XHDI-FM
- Chihuahua, Chihuahua; Mexico;
- Frequency: 88.5 MHz
- Branding: @FM (Arroba FM)

Programming
- Format: English and Spanish contemporary hit radio

Ownership
- Owner: Grupo Radiorama; (Difusoras de Chihuahua, S.A. de C.V.);
- Sister stations: XHFA-FM, XHFI-FM

History
- First air date: July 28, 1971 (concession; 1994 (FM combo);
- Former call signs: XEDI-AM
- Former frequencies: 1360 kHz

Technical information
- Licensing authority: CRT
- Class: B
- ERP: 10,000 watts
- HAAT: 100.54 m (329.9 ft)
- Transmitter coordinates: 28°40′14.4″N 106°04′58.2″W﻿ / ﻿28.670667°N 106.082833°W (FM); 28°36′35.8″N 106°03′00.5″W﻿ / ﻿28.609944°N 106.050139°W (AM);

Links
- Webcast: Listen live
- Website: arroba.fm nuestrasnoticiaschihuahua.com

= XHDI-FM =

Radio station in Chihuahua, Chihuahua, Mexico

XHDI-FM is a radio station on 88.5 FM in Chihuahua, Chihuahua, Mexico.

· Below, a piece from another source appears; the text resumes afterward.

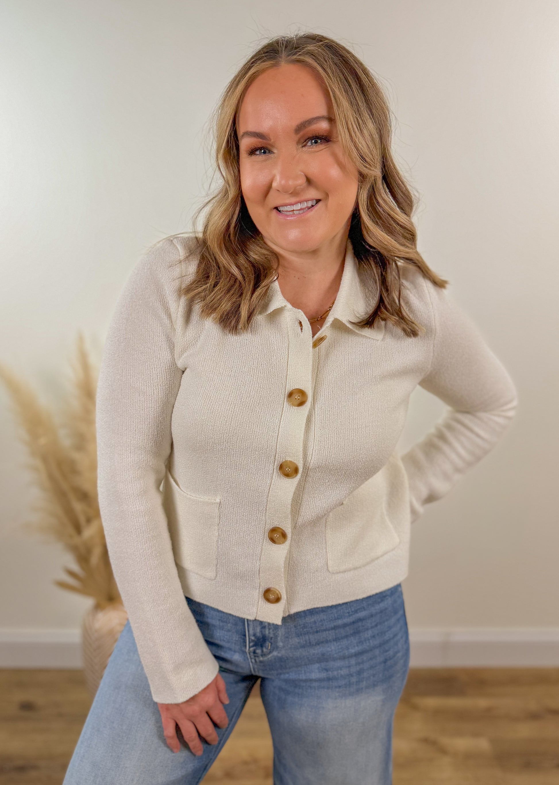 Collared Button Cardigan- Ivory

XHDI carries the @FM contemporary hit radio format from Grupo Radiorama.

== History ==
XEDI received its concession on July 28, 1971, becoming an FM combo in 1994. In the 1990s, it broadcast music in English as Éxtasis Digital until 2004, when it moved to XEHES-AM 1040. This made way for an affiliation Televisa Radio and the launch of the Los 40 Principales pop format in the market. The station continued as pop but dropped the franchise in 2009, becoming known as La Nueva and later as Arroba FM in 2016.